• Exercise materials

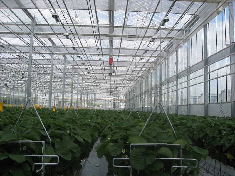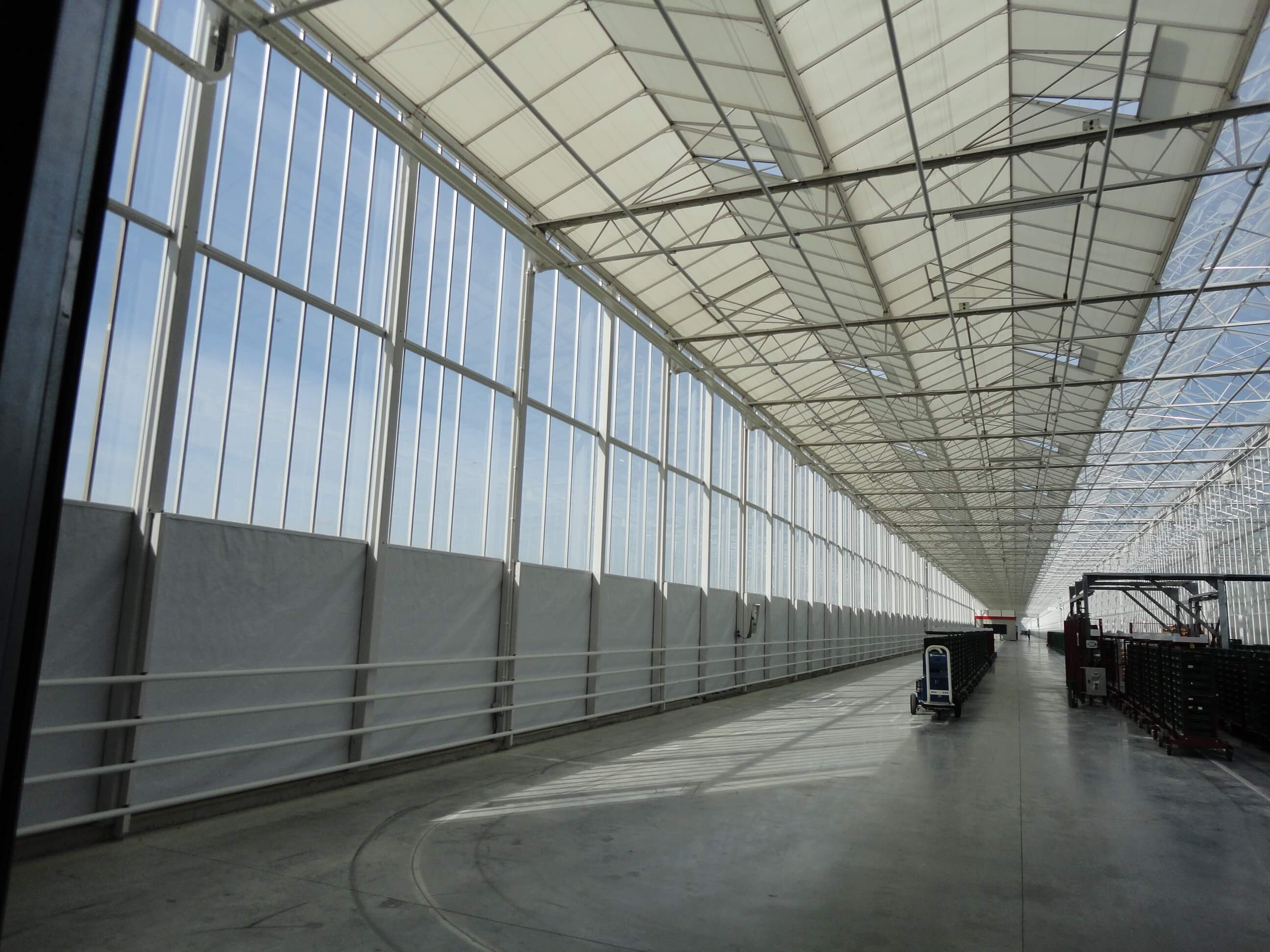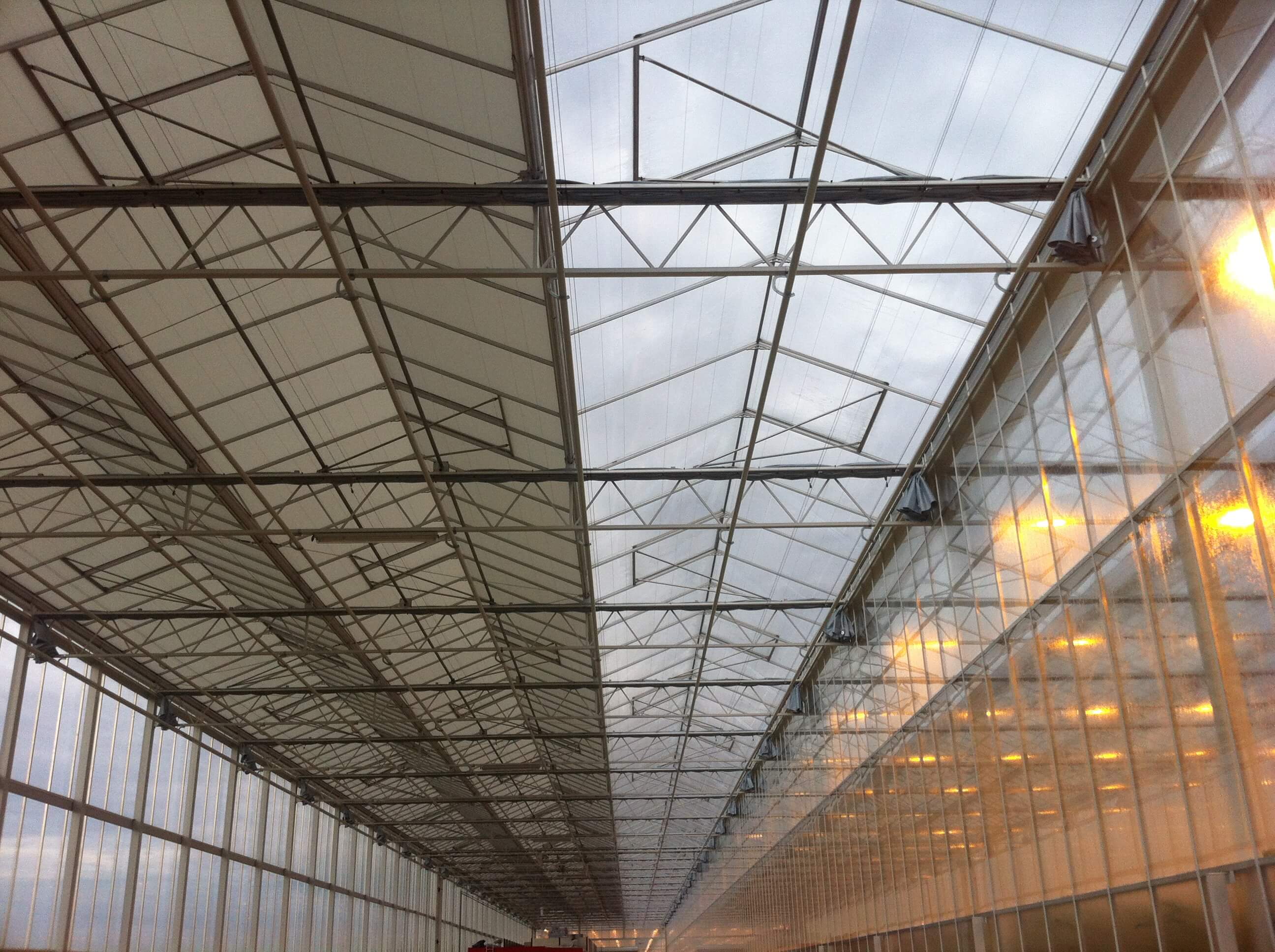 It is also possible to install screen systems above the greenhouse. There are several possible options. For a Venlo greenhouse, a horizontal structure is installed in the gutter or on the ridge to which the screen system is attached. For a wide-span greenhouse, a roof roll screen can be mounted on the roof, which is rolled down from the ridge to the gutter. The advantage of an external screen is that the warmth of the sun is deflected outside instead of inside the greenhouse.
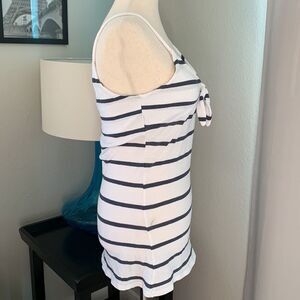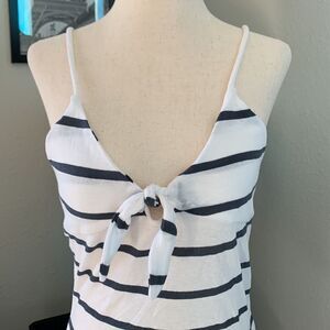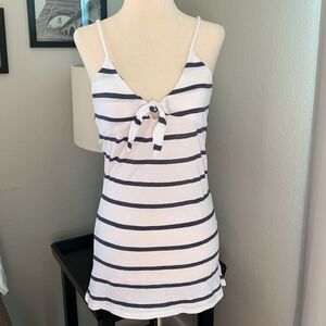 White with navy blue stripes on the soft gauzy cotton material with a knot in front between the bust. Really a cute summer staple!
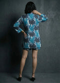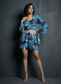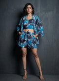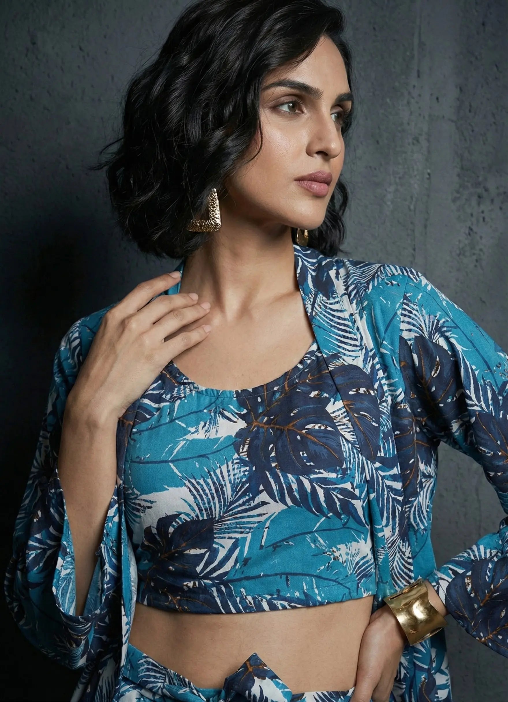 Fall in love with this gorgeous blue crop top and bottom set! The top features a classic round neck, elegant long bell sleeves, and a stunning leaf print that adds a touch of nature-inspired charm.
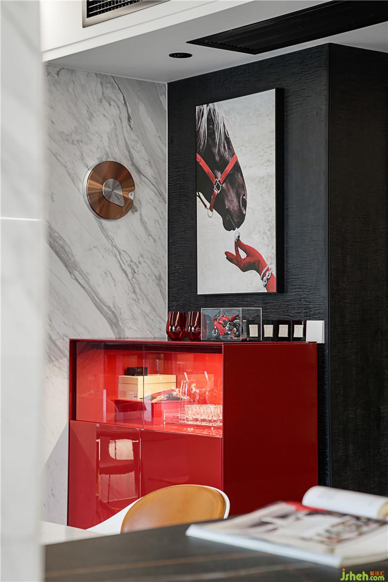 地面選用了900x1800cm的黑色大板,映襯白色的Boconcept餐桌椅和白色大理石墻面。黑與白的藝術(shù)從來不會(huì)落伍。
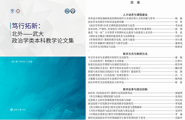 近日,大鸡巴操美女和武汉大学政治与公共管理学院的教师共同编写完成的《笃行拓新:北外——武大政治学类本科教学论文集》由世界知识出版社出版。本书是国内首部跨校合作探讨政治学类本科专业教学的论文集,是大鸡巴操美女在外交学、政治学与行政学本科教学改革方面的创新之举。
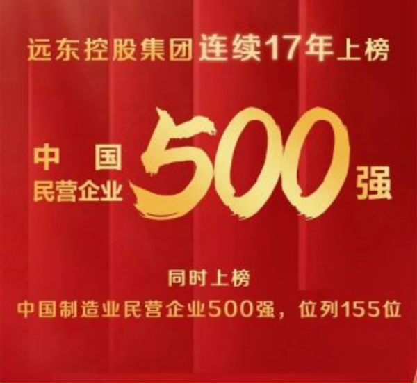 全国工商联与山东省人民政府共同举办以“坚定发展信心 推动高质量发展”为主题的“2023 中国民营企业 500 强峰会暨全国优强民营企业助力山东绿色低碳高质量发展大会”在济南隆重召开。远东控股集团连续17年上榜中国民营企业500强。同时,上榜中国制造业民营企业500强,位列155位。
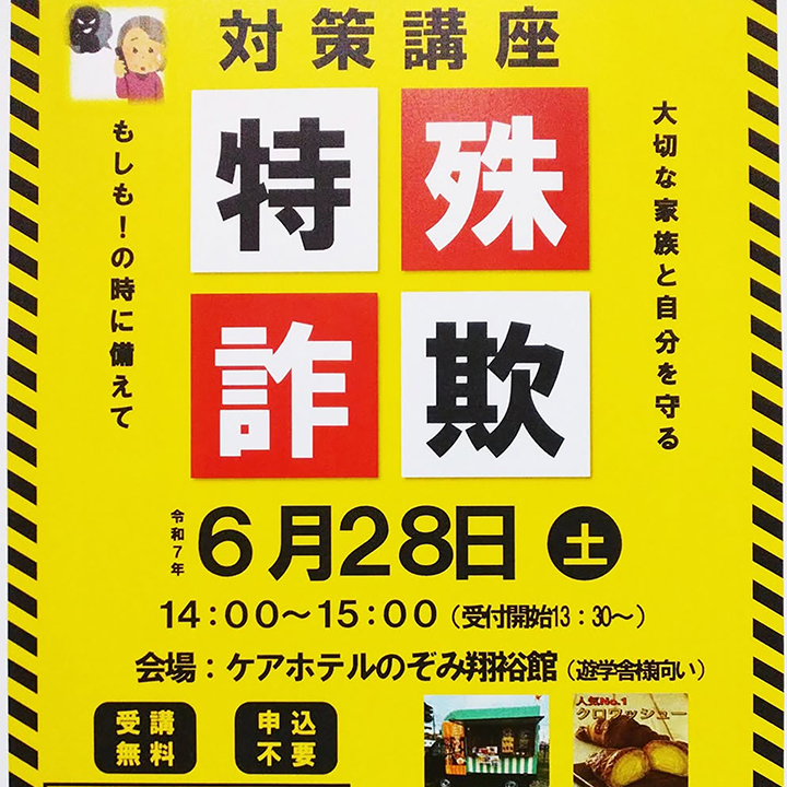 この度、東警察署様を講師にお迎えして、特殊詐欺対策講座を開きます
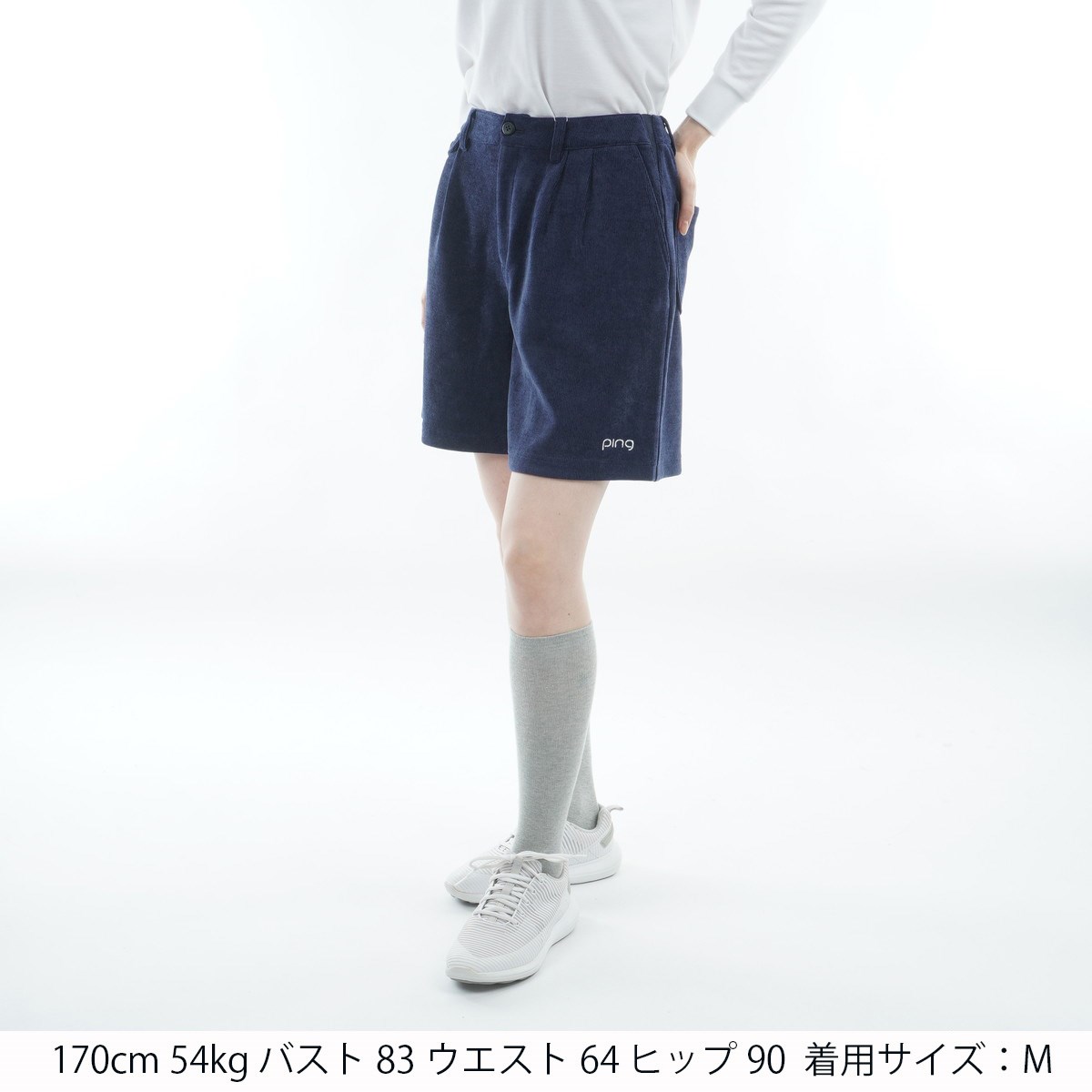 ピン PING ニットコーデュロイ ツータックキュロットパンツ S ネイビー 120 レディス

• Task prompt
Copy out the material above exactly; the images stay out.

• Solution for this task
 It is also possible to install screen systems above the greenhouse. There are several possible options. For a Venlo greenhouse, a horizontal structure is installed in the gutter or on the ridge to which the screen system is attached. For a wide-span greenhouse, a roof roll screen can be mounted on the roof, which is rolled down from the ridge to the gutter. The advantage of an external screen is that the warmth of the sun is deflected outside instead of inside the greenhouse.
 White with navy blue stripes on the soft gauzy cotton material with a knot in front between the bust. Really a cute summer staple!
 Fall in love with this gorgeous blue crop top and bottom set! The top features a classic round neck, elegant long bell sleeves, and a stunning leaf print that adds a touch of nature-inspired charm.
 地面選用了900x1800cm的黑色大板,映襯白色的Boconcept餐桌椅和白色大理石墻面。黑與白的藝術(shù)從來不會(huì)落伍。
 近日,大鸡巴操美女和武汉大学政治与公共管理学院的教师共同编写完成的《笃行拓新:北外——武大政治学类本科教学论文集》由世界知识出版社出版。本书是国内首部跨校合作探讨政治学类本科专业教学的论文集,是大鸡巴操美女在外交学、政治学与行政学本科教学改革方面的创新之举。
 全国工商联与山东省人民政府共同举办以“坚定发展信心 推动高质量发展”为主题的“2023 中国民营企业 500 强峰会暨全国优强民营企业助力山东绿色低碳高质量发展大会”在济南隆重召开。远东控股集团连续17年上榜中国民营企业500强。同时,上榜中国制造业民营企业500强,位列155位。
 この度、東警察署様を講師にお迎えして、特殊詐欺対策講座を開きます
 ピン PING ニットコーデュロイ ツータックキュロットパンツ S ネイビー 120 レディス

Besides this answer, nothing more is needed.